Wie viele Bäume auf Dinslakener und Voerder Stadtgebiet für den dreigleisigen Ausbau der Betuwe-strecke weichen müssen, dazu machte das Unternehmen gestern keine Angaben. Aber es teilte mit, man prüfe genau, welche Bäume „erhalten“werden können.
„Um den Umwelteingriff zu minimieren, erfolgt der Rückschnitt nur in dem absolut notwendigen Bereich“, so die Bahnsprecherin. Ziel sei es, so auszubauen, dass möglichst wenig in die Umwelt und die vorhandene Infrastruktur eingegriffen werden müsse.
Dem Versuch stehe der Umstand gegenüber, dass aus technischen und Sicherheits-aspekten immer auch entsprechende Abstände und gesetzliche Vorgaben berücksichtigt werden müssten, erläutert die Sprecherin weiter.
Zusätzlich zum Platz für die Bahnanlagen würden für die Bauzeit auch Flächen für die Baustraßen und die Einrichtung der Baustellen benötigt. Diese nur temporär gebrauchten Bereiche würden nach Ende der Baumaßnahme wieder bepflanzt. Alle dauerhaften Eingriffe in die Natur müssen ausgeglichen werden – die „umfangreiche“Kompensation erfolge gemäß den Regelungen des Bundesnaturschutzgesetzes. Die Deutsche Bahn befinde sich dazu in enger Abstimmung mit den zuständigen Behörden.
Als Ausgleich für die „Gehölzverluste“würden zum einen Gehölzstreifen entlang des neuen dritten Gleises gepflanzt. Darüber hinaus würden verschiedene weitere Flächen für die Kompensation genutzt.
Der Dinslaken betreffende Ersatz ist im Bereich Grafschaft durch naturnahe Waldumbaumaßnahmen und in Hiesfeld durch zwei Waldaufforstungen vorgesehen. Darüber hinaus ist der Ausgleich in einer anderen Stadt geplant, die nicht einmal Anrainer-kommune der Betuwe-strecke ist: Im Moerser Stadtteil Vinn soll ein Biotopkomplex aus Streuobstwiese, Extensivgrünland, Hecken und Baumreihen angelegt werden.
Ausgleichsmaßnahmen einigermaßen weit entfernt von den Rodungen gibt es auch für die Eingriffe in Voerde. Neben der Pflanzung einer Baumreihe an der Mehrstraße zwischen Spellen und Stockum sollen mehrere Aufforstungen und naturnahe Waldumbaumaßnahmen in den Wäldern zwischen Voerde und Hünxe erfolgen – und zwar in den Gemarkungen Bruckhausen, Bucholtwelmen und Hünxe.

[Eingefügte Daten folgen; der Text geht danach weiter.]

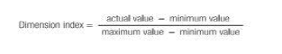 El cálculo de los índices que surgen de dicho análisis se realiza de modo análogo al cálculo de los índices de desarrollo humano tal como se especifica en las notas técnicas “Calculating the Human Development Index” del Programa para el Desarrollo de Naciones Unidas. Tal y como se hace en este informe, disponible en http://hdr.undp.org/en/media/HDR_20072008_Tech_Note_1.pdf, se identifican las dimensiones a medir, y luego una variable que represente la dimensión a ser medida. Se calculan porcentajes, u otras medidas continuas que luego son convertidas a una cifra (o índice) comprendido entre el numero 0 y el 1, denotando mayor incidencia de la cualidad a medir para valores más altos del índice. Antes de ser convertidos, se fijan valores máximos y mínimos para calcular los índices de acuerdo a la siguiente fórmula: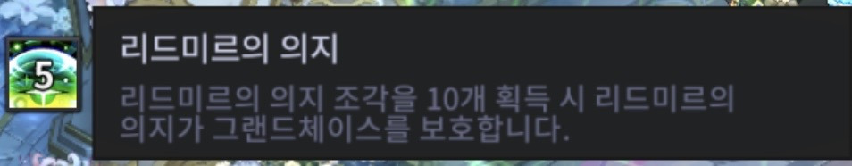 획득시 [리드미르의 의지] 버프가 누적되며 시간 내 전부 획득(10 달성)시 지형 중앙에 보호막이 생성됩니다.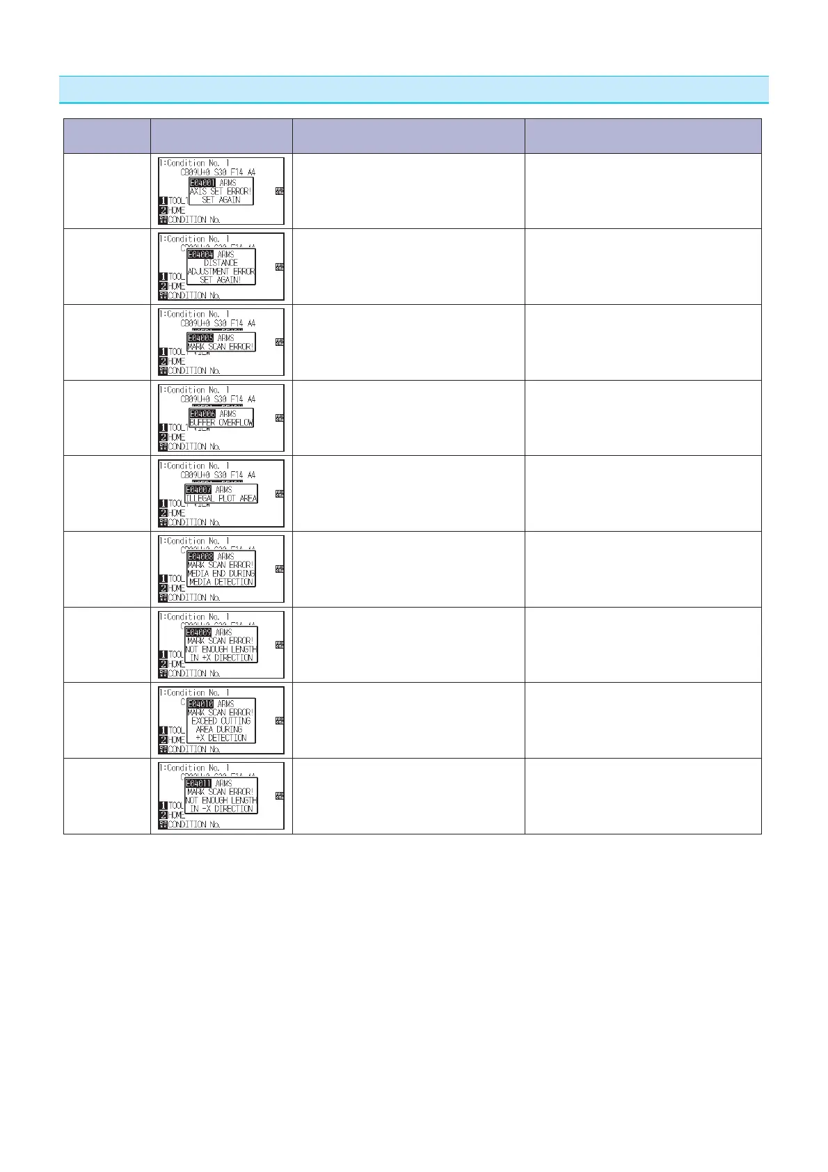 GRAPHTEC FC9000-160 - ARMS Error Messages

Ausgleichsflächen würden in dem Maße angelegt, in dem die Deutsche Bahn für den Bau von Strecken Fläche „benötigt und verbaut oder versiegelt“, erklärt das Unternehmen. Dieser Anteil müsse an anderer Stelle als Naturfläche oder Ausgleichsfläche entstehen – nicht zwingend in derselben Kommune. Die Maßnahme müsse im gleichen Naturraum wie das Vorhaben liegen. Aus Akzeptanzgründen jedoch sei die Kompensation möglichst in der vom Eingriff betroffenen Kommune, mindestens aber im gleichen Landkreis zu verorten, führt die Bahnsprecherin weiter aus.
Zu den bestehenden, parallel zur Betuwe-strecke verlaufenden Fußund Radwegen erklärt sie, dass diese womöglich für die Zeit der Bauarbeiten genutzt werden. Darüber will die Deutsche Bahn gesondert informieren.
Die Baustraßen würden nach Abschluss der Arbeiten wieder zurückgebaut. Bestehende Seitenwege wie etwa der zwischen der Schwanenstraße und der Prinzenstraße in Voerde würden um wenige Meter verlegt und könnten nach Fertigstellung der Baumaßnahmen wieder für den Fuß- und Radverkehr genutzt werden.